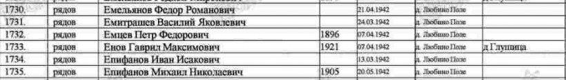 Мєт юхи хӑщум архив нєпекӑтн ӆўв оӆӊӑӆн ма тәп тӑмӑщ айкеӆ ӆўӊӑтсум, муй щирн вән кєр тыӆӑщ 7-мит хӑтӑӆн 1942-мит оӆн ӆўв Любанской наступательной операцияйн ӆаӆясман немщӑтн муй па испанской Голубой дивизия нємуп солдатӑтн пӑратсы. Еша ӛхӑтшӑк Гавриил Максимович Енов Спасская Полисть (па щирн, Глушица нєм тӑйты ай кәртые ӆєпн, вәнт хуща), Чудовской районӑн Ленинградской область мўвн шависы. Щӑӆта щи тӑхи эвӑӆт ӆўв єӆӑӆ муйӆ нух вўсы па Мостки кәртые пўӊӑӆн вєрум мемориал «Любино поле» Чудовской районӑн Новгородской область мўвн шависы па нємӑӆ нух хӑншсы.
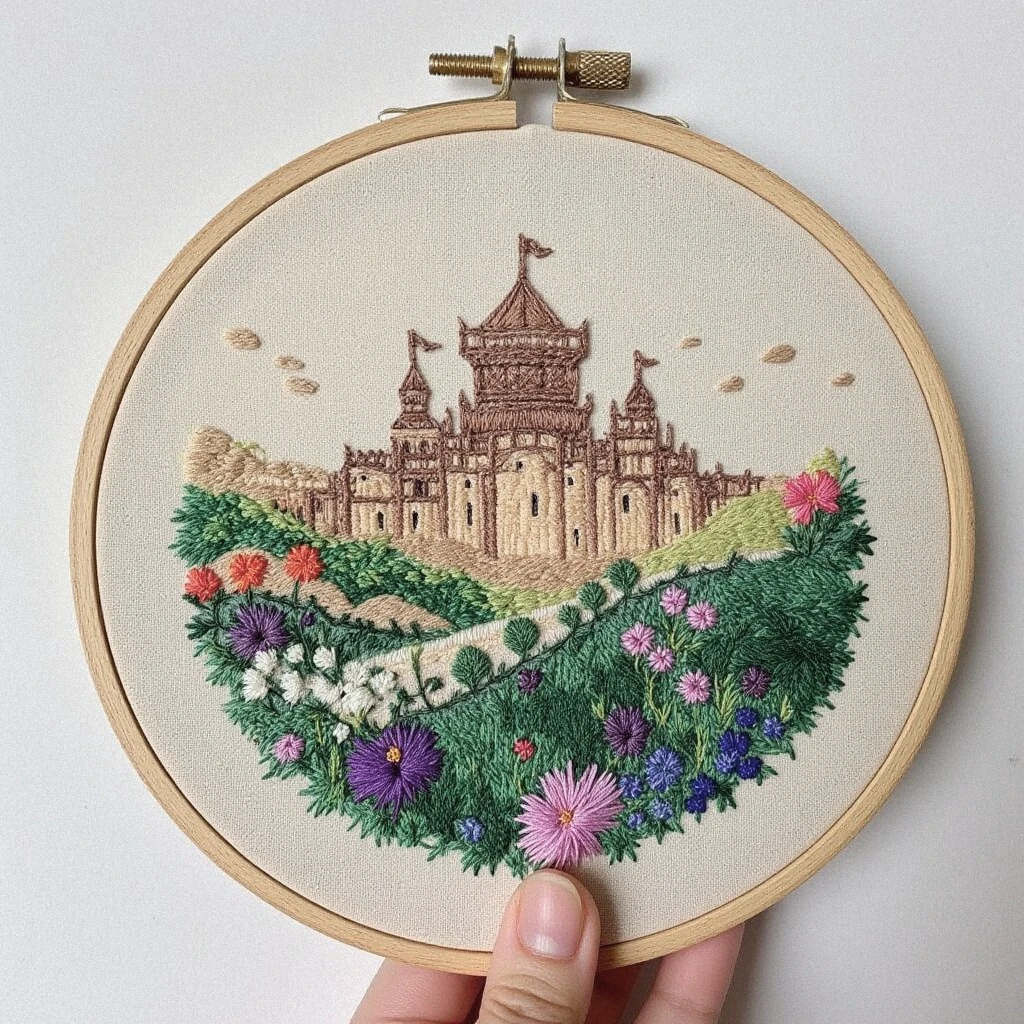 A custom LoRA trained on various embroidered art on linen cloth on circular panels.
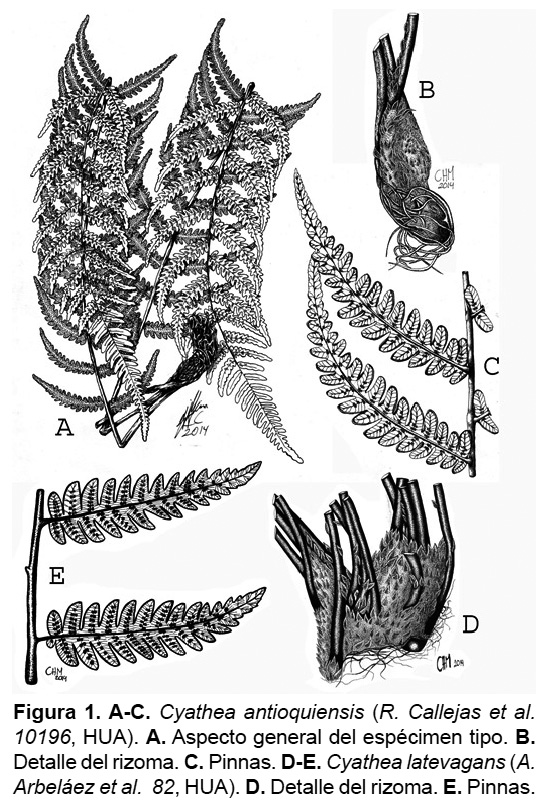Cyathea antioquensis A. Rojas, sp. nov. (Fg. 1). TIPO. COLOMBIA. Antioquia: Mpio. Carmen de Viboral, vereda La Viborita, 6 km SE del Mpio. de La Unión, en la vía de la troncal Sonsón-La Unión a la vereda Viborita, cabeceras del Río Buey, 5°52ʹN, 75°20ʹW, 2100-2600 m, 20 jun 1991, R. Callejas et al. 10196 (holotipo: HUA). Diagnosis. The new species differs from C. latevagans (Baker) Domin by its rhizome scales with a narrower pale margin, stipe and rachis with scurf, and sessile, linear-oblong, falcate pinnae. Descripción. Epífita; rizoma ca. 1 cm de diámetro, reptante a suberecto; escamas del rizoma 2-3 x 1-1,5 mm, ovadas, negras con un margen pardo amarillento de ca. 0.1 mm de ancho, adpresas, imbricadas; frondas 62-85 m de largo; pecíolo 8-18,5 cm de largo, 0,4-0,5 cm de diámetro basalmente, liso o apenas con botones en la unión de las escamas, negro, opaco, escamoso y con caspilla, las escamas como las del rizoma, densas basalmente y escaseando hasta la mitad, la caspilla de escuámulas adpresas, estas menos 0,5 mm de largo, medianamente densas; lámina 50-63 x 8-12 cm, 1-pinnado-pinnatífida a 2-pinnada basalmente, la base truncada a levemente reducida, el ápice gradualmente atenuado y pinnatífido; raquis negro en la base y parte media a pardo distalmente, liso, con caspilla ventralmente, pelosos dorsalmente, los pelos 1-1,5 mm de largo, pardos crespos, arqueadas hacia el ápice; pinnas basales y medias 5.5-8 x 1,2-1,5 cm, linear-lanceoladas a linear oblongas, falcadas, sésiles basalmente, atenuadas distalmente; costas pardo amarillentas a pardas, con nódulos basalmente, pelosas dorsalmente, los pelos como los del raquis, dispersamente escamosas ventralmente, las escamas 0,5-2 x 0,2-0,5 mm, pardo amarillentas, bicolores con el centro más oscuro, margen eroso a ciliado; pínnulas o segmentos 0,5-0,8 x 0,25-0,4 cm, 12-15 pares, sésiles, falcados, obtusos distalmente; nervaduras 5-7 pares por segmento, libres o raramente 1-bifurcadas a pinnadas, glabras dorsalmente, con caspilla amarillenta dispersa dorsalmente; tejido laminar entre las nervaduras glabro en ambas superficies; soros inframedios; sin paráfisos; indusio globoso, pardo-amarillento, que rodea casi completamente al receptáculo. Etimología. El nombre del epíteto específico hace referencia a la localidad tipo. Cyathea incognita A. Rojas, sp. nov. (Fg. 2). TIPO: COLOMBIA. Meta: Mpio. San Juanito, Cañón del Río Guatiquía, near casa San José, 4°30.962ʹN, 73°41.361ʹW, 3325 m, 3 May 2007, M. Sundue y A. Vasco 1326 (holotipo: HUA; isotipo: NY). Diagnosis. The new species differs from C. gracilis Griseb by its terrestrial habit, thinner rhizome, rhizome scales with a broad pale margin, shorter and bipinnate fronds, atropurpureous rachis, sessile pinnae and sori without indusia. Descripción. Terrestre; Rizoma 4-6 mm de diámetro, corto reptante o suberecto; frondas 0,65-0,95 m de largo; pecíolo 35-50 cm de largo, 1,5-3 mm de diámetro basalmente, atropurpúreo a negro, liso, lustroso; escamas del pecíolo 2,5-4 x 1-1,5 mm lanceoladas, pardo oscuro en el centro, con el margen pardo-amarillento; caspilla ausente; lámina 2-pinnada, el ápice gradualmente atenuado; raquis atropurpúreo, liso, glabro en ambas superficies; pinnas sésiles; pinnas medias 6-8 x 1,6-2,4 cm, lanceoladas, inequiláteras, articuladas basalmente, más anchas del lado basiscópico, sésiles, ápice agudo; costas pajizas; pínnulas 0,8-1,5 x (0,2-) 0,3-0,5 cm, lanceoladas a oblongas, sésiles, margen entero a levemente lobulado, las basales acroscópicas más reducidas; costas pajizas, articuladas al raquis, densamente pelosas dorsalmente, los pelos 0,5-1 mm de largo, crespos, patentes, amarillentos, dispersamente pelosas ventralmente, los pelos menos de 0,5 mm hialinos a amarillentos, patentes; cóstulas ventralmente con pelos 0,2-0,7 mm, hialinos a amarillentos, adpresos, dispersos; venas 6-9 pares por pínnula, libres, simples, pelosas en ambas superficies, los pelos del haz más largos; tejido laminar peloso dorsalmente, glabro ventralmente; escamas costales 0,5-1 mm x 0,3-0,5 mm, lanceoladas pardas con margen amarillento, margen entero a eroso, soros mediales, sin indusio. Etimología. El nombre del epíteto específico hace referencia a que al ser una planta pequeña con grado de división menor del usual, la misma fue identificada por los colectores como un Thelypteris, pasando a estar escondida (incógnita) para los estudiosos de los helechos arborescentes. Cyathea longipetiolulata A. Rojas y A. Tejedor, sp. nov. (Fg. 3). TIPO: COLOMBIA. Risaralda: Municipio de Pueblo Rico, Parque Regional Karagabi, Hoyo Frío, 2500 m, 6 abr 2004, D. Sanín 409 (holotipo: FAUC). Diagnosis. The new species differs from C. divergens Kunze by its ascending fronds, stipe and rachis without scurf (squamellae and hairs), pinnae and pinnulae with longer pedicle, less segments per pinnulae and evanescent indusia. Descripción. Tronco ca. 2 m de alto; frondas 3-5 m de largo, marcadamente ascendentes; pecíolo 140 cm, inerme en casi toda su longitud pero basalmente espinoso, rojo-pajizo opaco en material de herbario, verde brillante en vida, sin escuámulas; escamas del pecíolo 10-20 x 3-11 mm, ovadas a linear lanceoladas, pardo oscuro a pardo-rojizas, concolores a levemente más claras en el margen, peltadas; caspilla ausente; lámina 3-pinnado-lobulada, con las cóstula alada en las pínulas basales, el ápice gradualmente atenuado; raquis pardo a atropurpúreo, liso; pinnas 8-9 pares, pediculadas, el pedículo de 5-10 cm de largo; pinnas medias 50-75 x 30-35 cm; costas similares al raquis; pínnulas 8-17 x 4-6,5 cm, lanceoladas, pediculadas, el pedículo de 1-2,3 cm; segmentos 1-4 x 0,6-0,9 mm, 10-15 pares, serrados a lobulado-dentados, agudos a obtusos; segmentos basales libres; cóstulas glabras, opacas; nervaduras 10-15 pares por segmento, 1-2 bifurcadas, glabras; tejido laminar entre las nervaduras glabro; soros costales; paráfisos más co

****

Print all the material above exactly, and drop the images.

 Мєт юхи хӑщум архив нєпекӑтн ӆўв оӆӊӑӆн ма тәп тӑмӑщ айкеӆ ӆўӊӑтсум, муй щирн вән кєр тыӆӑщ 7-мит хӑтӑӆн 1942-мит оӆн ӆўв Любанской наступательной операцияйн ӆаӆясман немщӑтн муй па испанской Голубой дивизия нємуп солдатӑтн пӑратсы. Еша ӛхӑтшӑк Гавриил Максимович Енов Спасская Полисть (па щирн, Глушица нєм тӑйты ай кәртые ӆєпн, вәнт хуща), Чудовской районӑн Ленинградской область мўвн шависы. Щӑӆта щи тӑхи эвӑӆт ӆўв єӆӑӆ муйӆ нух вўсы па Мостки кәртые пўӊӑӆн вєрум мемориал «Любино поле» Чудовской районӑн Новгородской область мўвн шависы па нємӑӆ нух хӑншсы.
 A custom LoRA trained on various embroidered art on linen cloth on circular panels.
Cyathea antioquensis A. Rojas, sp. nov. (Fg. 1). TIPO. COLOMBIA. Antioquia: Mpio. Carmen de Viboral, vereda La Viborita, 6 km SE del Mpio. de La Unión, en la vía de la troncal Sonsón-La Unión a la vereda Viborita, cabeceras del Río Buey, 5°52ʹN, 75°20ʹW, 2100-2600 m, 20 jun 1991, R. Callejas et al. 10196 (holotipo: HUA). Diagnosis. The new species differs from C. latevagans (Baker) Domin by its rhizome scales with a narrower pale margin, stipe and rachis with scurf, and sessile, linear-oblong, falcate pinnae. Descripción. Epífita; rizoma ca. 1 cm de diámetro, reptante a suberecto; escamas del rizoma 2-3 x 1-1,5 mm, ovadas, negras con un margen pardo amarillento de ca. 0.1 mm de ancho, adpresas, imbricadas; frondas 62-85 m de largo; pecíolo 8-18,5 cm de largo, 0,4-0,5 cm de diámetro basalmente, liso o apenas con botones en la unión de las escamas, negro, opaco, escamoso y con caspilla, las escamas como las del rizoma, densas basalmente y escaseando hasta la mitad, la caspilla de escuámulas adpresas, estas menos 0,5 mm de largo, medianamente densas; lámina 50-63 x 8-12 cm, 1-pinnado-pinnatífida a 2-pinnada basalmente, la base truncada a levemente reducida, el ápice gradualmente atenuado y pinnatífido; raquis negro en la base y parte media a pardo distalmente, liso, con caspilla ventralmente, pelosos dorsalmente, los pelos 1-1,5 mm de largo, pardos crespos, arqueadas hacia el ápice; pinnas basales y medias 5.5-8 x 1,2-1,5 cm, linear-lanceoladas a linear oblongas, falcadas, sésiles basalmente, atenuadas distalmente; costas pardo amarillentas a pardas, con nódulos basalmente, pelosas dorsalmente, los pelos como los del raquis, dispersamente escamosas ventralmente, las escamas 0,5-2 x 0,2-0,5 mm, pardo amarillentas, bicolores con el centro más oscuro, margen eroso a ciliado; pínnulas o segmentos 0,5-0,8 x 0,25-0,4 cm, 12-15 pares, sésiles, falcados, obtusos distalmente; nervaduras 5-7 pares por segmento, libres o raramente 1-bifurcadas a pinnadas, glabras dorsalmente, con caspilla amarillenta dispersa dorsalmente; tejido laminar entre las nervaduras glabro en ambas superficies; soros inframedios; sin paráfisos; indusio globoso, pardo-amarillento, que rodea casi completamente al receptáculo. Etimología. El nombre del epíteto específico hace referencia a la localidad tipo. Cyathea incognita A. Rojas, sp. nov. (Fg. 2). TIPO: COLOMBIA. Meta: Mpio. San Juanito, Cañón del Río Guatiquía, near casa San José, 4°30.962ʹN, 73°41.361ʹW, 3325 m, 3 May 2007, M. Sundue y A. Vasco 1326 (holotipo: HUA; isotipo: NY). Diagnosis. The new species differs from C. gracilis Griseb by its terrestrial habit, thinner rhizome, rhizome scales with a broad pale margin, shorter and bipinnate fronds, atropurpureous rachis, sessile pinnae and sori without indusia. Descripción. Terrestre; Rizoma 4-6 mm de diámetro, corto reptante o suberecto; frondas 0,65-0,95 m de largo; pecíolo 35-50 cm de largo, 1,5-3 mm de diámetro basalmente, atropurpúreo a negro, liso, lustroso; escamas del pecíolo 2,5-4 x 1-1,5 mm lanceoladas, pardo oscuro en el centro, con el margen pardo-amarillento; caspilla ausente; lámina 2-pinnada, el ápice gradualmente atenuado; raquis atropurpúreo, liso, glabro en ambas superficies; pinnas sésiles; pinnas medias 6-8 x 1,6-2,4 cm, lanceoladas, inequiláteras, articuladas basalmente, más anchas del lado basiscópico, sésiles, ápice agudo; costas pajizas; pínnulas 0,8-1,5 x (0,2-) 0,3-0,5 cm, lanceoladas a oblongas, sésiles, margen entero a levemente lobulado, las basales acroscópicas más reducidas; costas pajizas, articuladas al raquis, densamente pelosas dorsalmente, los pelos 0,5-1 mm de largo, crespos, patentes, amarillentos, dispersamente pelosas ventralmente, los pelos menos de 0,5 mm hialinos a amarillentos, patentes; cóstulas ventralmente con pelos 0,2-0,7 mm, hialinos a amarillentos, adpresos, dispersos; venas 6-9 pares por pínnula, libres, simples, pelosas en ambas superficies, los pelos del haz más largos; tejido laminar peloso dorsalmente, glabro ventralmente; escamas costales 0,5-1 mm x 0,3-0,5 mm, lanceoladas pardas con margen amarillento, margen entero a eroso, soros mediales, sin indusio. Etimología. El nombre del epíteto específico hace referencia a que al ser una planta pequeña con grado de división menor del usual, la misma fue identificada por los colectores como un Thelypteris, pasando a estar escondida (incógnita) para los estudiosos de los helechos arborescentes. Cyathea longipetiolulata A. Rojas y A. Tejedor, sp. nov. (Fg. 3). TIPO: COLOMBIA. Risaralda: Municipio de Pueblo Rico, Parque Regional Karagabi, Hoyo Frío, 2500 m, 6 abr 2004, D. Sanín 409 (holotipo: FAUC). Diagnosis. The new species differs from C. divergens Kunze by its ascending fronds, stipe and rachis without scurf (squamellae and hairs), pinnae and pinnulae with longer pedicle, less segments per pinnulae and evanescent indusia. Descripción. Tronco ca. 2 m de alto; frondas 3-5 m de largo, marcadamente ascendentes; pecíolo 140 cm, inerme en casi toda su longitud pero basalmente espinoso, rojo-pajizo opaco en material de herbario, verde brillante en vida, sin escuámulas; escamas del pecíolo 10-20 x 3-11 mm, ovadas a linear lanceoladas, pardo oscuro a pardo-rojizas, concolores a levemente más claras en el margen, peltadas; caspilla ausente; lámina 3-pinnado-lobulada, con las cóstula alada en las pínulas basales, el ápice gradualmente atenuado; raquis pardo a atropurpúreo, liso; pinnas 8-9 pares, pediculadas, el pedículo de 5-10 cm de largo; pinnas medias 50-75 x 30-35 cm; costas similares al raquis; pínnulas 8-17 x 4-6,5 cm, lanceoladas, pediculadas, el pedículo de 1-2,3 cm; segmentos 1-4 x 0,6-0,9 mm, 10-15 pares, serrados a lobulado-dentados, agudos a obtusos; segmentos basales libres; cóstulas glabras, opacas; nervaduras 10-15 pares por segmento, 1-2 bifurcadas, glabras; tejido laminar entre las nervaduras glabro; soros costales; paráfisos más co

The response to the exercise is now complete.